## Assignment:
Skip the pictures. Retype exactly, and only, the lines between the line holding "The DW Wall" and the last line below, inclusive.

## Extracted entries:
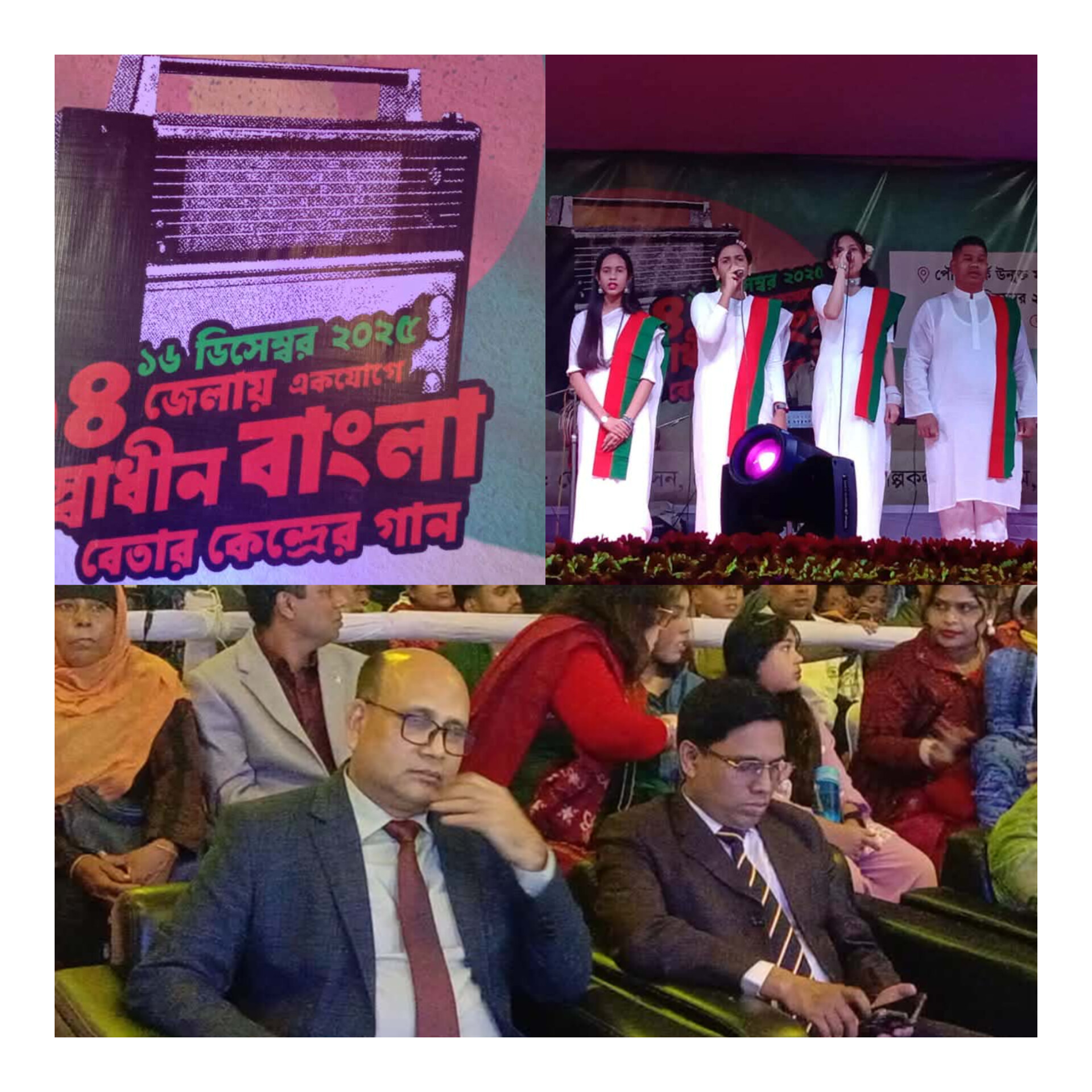 মোঃ সাইফুর রশিদ চৌধুরী : মহান বিজয় দিবস ২০২৫ উদযাপন উপলক্ষে সারাদেশে ন্যায় গোপালগঞ্জ জেলা প্রশাসন ও জেলা শিল্পকলা একাডেমির তত্ত্বাবধানে স্বাধীন বাংলা বেতার কেন্দ্রের গান পরিবেশনার অনুষ্ঠানের আয়োজন করে। জেলা শিল্পকলা একাডেমীর কালচারাল অফিসার ফারহান কবীর সিফাত-এর পরিচালনায় এই বিশেষ আয়োজনে পরিবেশিত হয় কালজয়ী ‘স্বাধীন বাংলা বেতার কেন্দ্রের গান’।
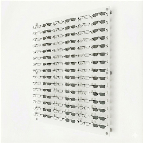 The DW Wall Mount acrylic panels from FrameDisplays.com stand as our flagship wall mount display, revered for their unparalleled value, top-notch performance, and innovative design. Meticulously crafted, they maximize frame capacity, presenting eyewear in an exceptional manner. Precision laser-cut ear-holes ensure secure support for frame temples.
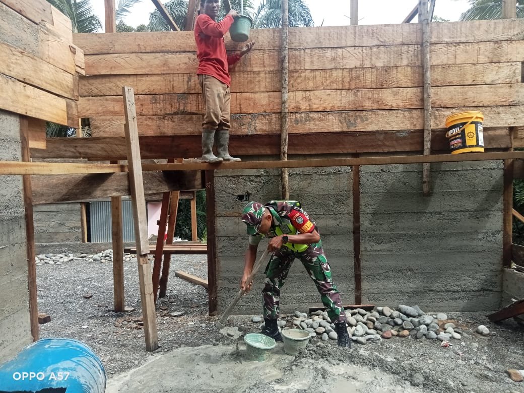 ACEH BARAT – Dalam rangka mempercepat pembangunan rumah warga, Babinsa Koramil 01/Sungaimas Kodim 0105/Abar, Serda M. Irwandi, turut membantu warga desa dengan terlibat langsung dalam proses pengadukan semen untuk pengecoran dinding rumah milik salah satu warga di Desa Kajeng, Kecamatan Sungaimas, Kabupaten Aceh Barat, Sabtu (15/11/2025).
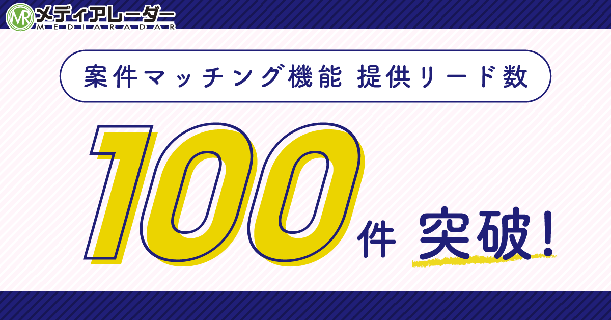 メディアレーダーは、サイト上でプロモーション施策の提案募集を行い、複数の媒体社から提案を受けられる「案件マッチング機能」を2023年4月3日より実装しています。そして、実装から2カ月経過した2023年6月3日に提供リード*²数が100件*³を突破しました。
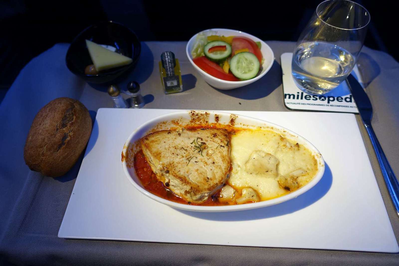 Peu de temps après le décollage, un repas complet nous a été servi. Là aussi, nous sommes plutôt au niveau d’un vol long-courrier qu’un moyen-courrier européen.

## Solution for this exercise:
 The DW Wall Mount acrylic panels from FrameDisplays.com stand as our flagship wall mount display, revered for their unparalleled value, top-notch performance, and innovative design. Meticulously crafted, they maximize frame capacity, presenting eyewear in an exceptional manner. Precision laser-cut ear-holes ensure secure support for frame temples.
 ACEH BARAT – Dalam rangka mempercepat pembangunan rumah warga, Babinsa Koramil 01/Sungaimas Kodim 0105/Abar, Serda M. Irwandi, turut membantu warga desa dengan terlibat langsung dalam proses pengadukan semen untuk pengecoran dinding rumah milik salah satu warga di Desa Kajeng, Kecamatan Sungaimas, Kabupaten Aceh Barat, Sabtu (15/11/2025).
 メディアレーダーは、サイト上でプロモーション施策の提案募集を行い、複数の媒体社から提案を受けられる「案件マッチング機能」を2023年4月3日より実装しています。そして、実装から2カ月経過した2023年6月3日に提供リード*²数が100件*³を突破しました。
 Peu de temps après le décollage, un repas complet nous a été servi. Là aussi, nous sommes plutôt au niveau d’un vol long-courrier qu’un moyen-courrier européen.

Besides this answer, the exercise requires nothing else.